George Rusznak

 

I was born in May 1938 in Budapest, Hungary. I have a sister five years older than me. My parents owned a small grocery store, worked very hard and lived a middle-class life.

 

During World War II, Hungary was an ally of Nazi Germany and assisted in the persecution of Jews. In 1943, my father was conscripted into a Jewish work battalion. This was a special unit which was brutally exploited for hard labor, supporting the regular army. My mother later learned that he was killed by the Nazis. She didn't tell us until after the war. I have only a few vague memories of him.

 

In 1944, the persecution of the Jews intensified. The Jews of Budapest were forced into a ghetto, a walled-off part of the city. This is where my mother, sister and I ended up. We had to wear yellow stars and our movements were severely restricted. My mother took many risks by removing the star and leaving the ghetto to secure medicine and food for us. Twice, on these occasions, she was captured and sent to a staging area to be sent to the concentration camps. But each time, knowing that her children's lives depended on her, she summoned extraordinary strength and great resourcefulness to successfully escape and come back to take care of us.

 

Large-scale deportations to the concentration camps began in May 1944. Over a period of only a few months, more than 600,000 Hungarian Jews were deported and killed. At times, when there were no trains available, people were taken to the banks of the river and machine-gunned. In December 1944, the residents of our building were also assembled for deportation. But my mother still wouldn't give up.

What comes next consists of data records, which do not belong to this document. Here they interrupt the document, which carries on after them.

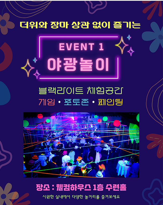 - 야광놀이: 블랙라이트 룸에서 다양한 포토존과 게임을 즐길 수 있습니다. 바디 페인팅으로 색다른 경험을 하며 인생샷을 남겨보세요.
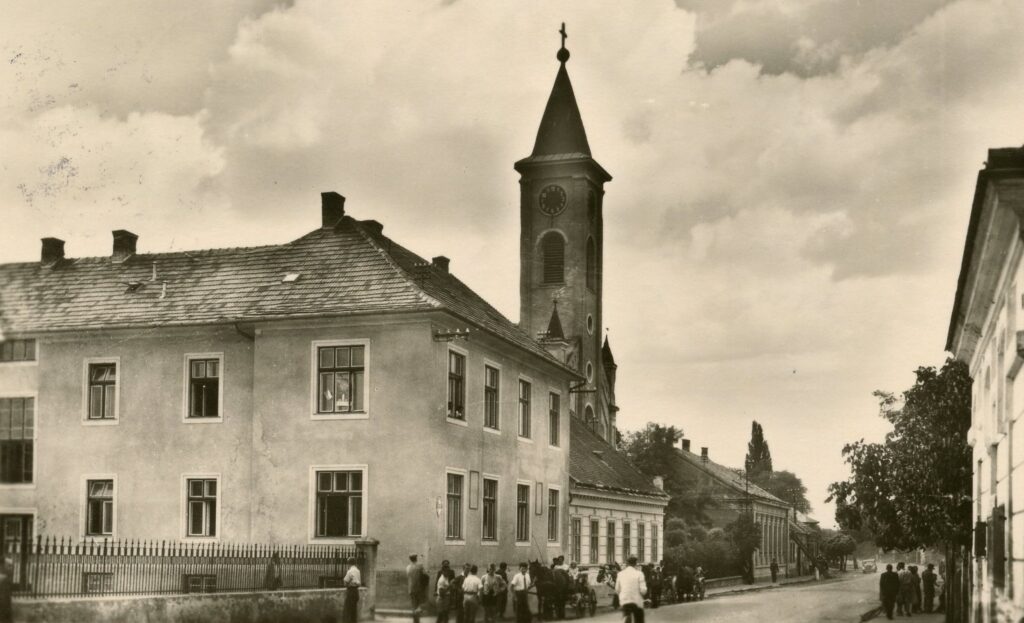 A dunaszerdahelyi Fő utca részlete az 1950-es évek elejéről. Az evangélikus templom mellett az evangélikus paplak, mellette a zsidó hitközség adminisztratív épülete, a „bócherkaszárnya” látható.
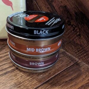 Kiwi shoe care bundle new! 3 shoe polish,. black, medium brown and brown, 1 cream black polish, brush applicator & soft buffing cloth. Everything you need to refresh your shoes before selling.
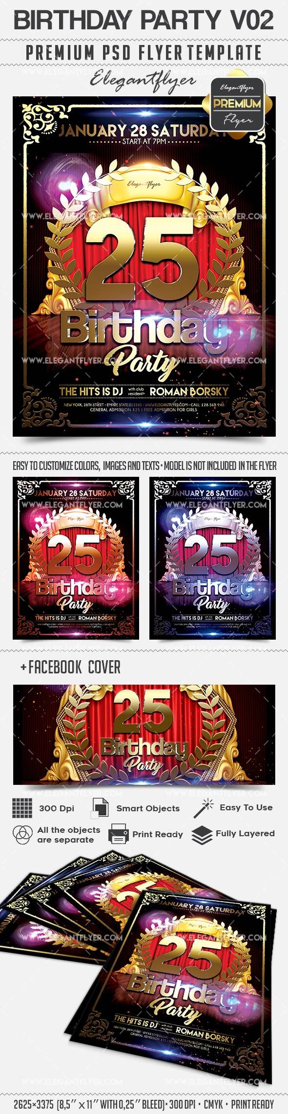 生日聚会V02 - 传单PSD模板+ Facebook的封面
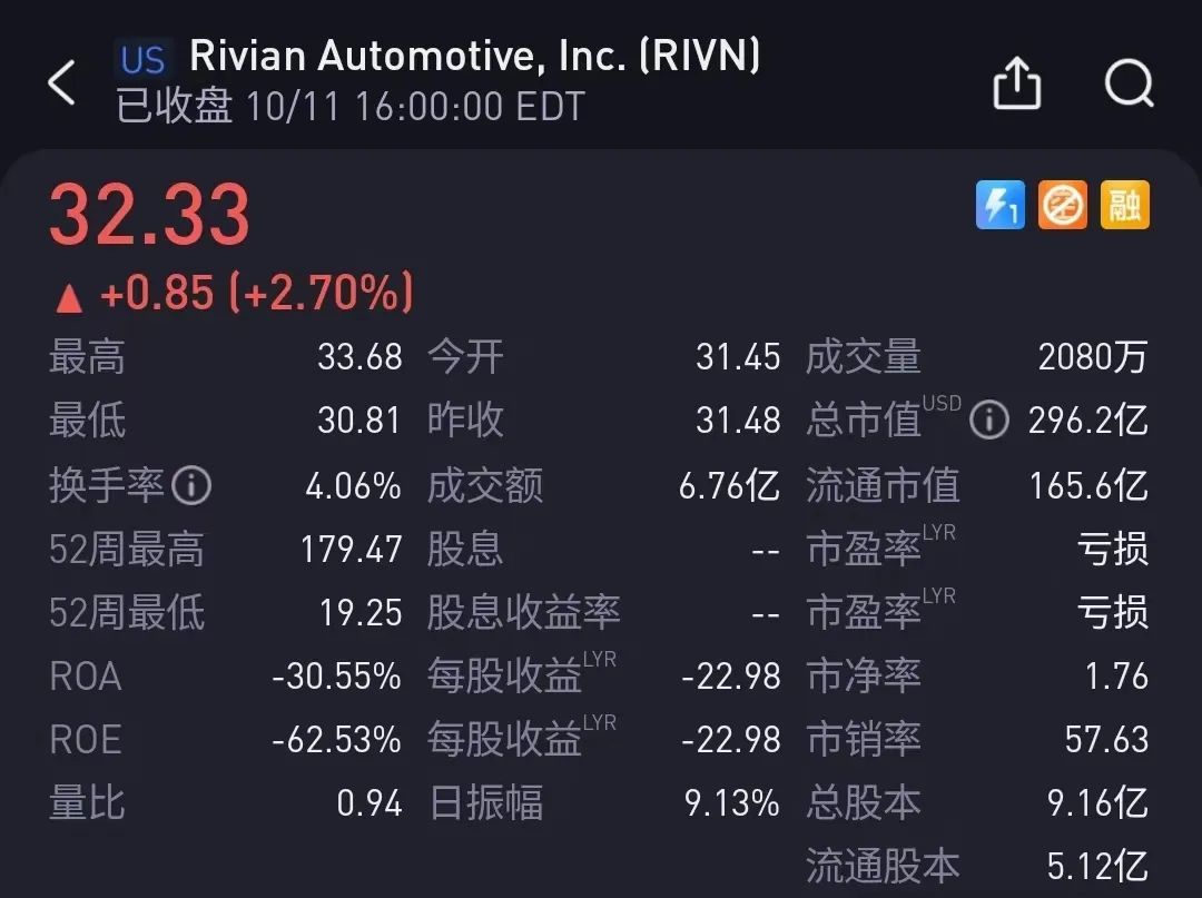 按照召回通知看,此次Rivian召回涉及约1.3万辆汽车,基本包括了其自去年底到目前售出的全部产品。受此召回事件影响,Rivian发布召回通知当日股价大跌超7%,最后收于33.95美元/股,相比于其上市当日的100.73美元/股,已经下跌了超66%。

Desperately, she approached an armed guard and pleaded with him to let us get away. By some miracle he agreed and we slipped into a storage area. After the transport left, we were helped by several kind and brave Christians to find refuge outside the city. For the rest of the war, we were hiding with a kind family in a one-room house with a dirt floor. We shared this small space with our protectors, their nine children and eleven dogs.

 

From our extended family only a few survived. Both sets of my grandparents, ten of my aunts and uncles and fourteen of my cousins were killed. I have no memories of them.

 

My mother couldn't take care of us after the war. She had to put me in an orphanage for a while. I was nine-years-old and terribly homesick there. We didn't have enough to eat, and during the winter I was always cold. The discipline was severe. I was truly miserable.

 

I rejoined my mother after one year. In October of 1956, there was an uprising against the Communist government of Hungary, and an opportunity to escape arose. My mother, selflessly, without knowing if we would ever see each other again, encouraged me to leave for a better life in the free world. I escaped to Austria where I spent some time in several refugee camps. There I met Julie, a fellow refugee. We got married and came to the U.S. in September 1957. With $10 in our pocket and ten English words in our vocabulary, and with some initial support from Jewish charities, we started to build our lives.

 

We moved to Los Angeles, and in 1959 I became a pioneer in the computer field. I was glad that, as a survivor, through my work I got to be in a position to help bring about the Information Age and contribute to humankind by improving life in a variety of different ways.

 

I consider myself extremely fortunate to have survived the Holocaust and will be forever grateful to my mother, who repeatedly risked her life to save us and to the brave and kind Christians without whose help we would have surely been part of the six million who perished.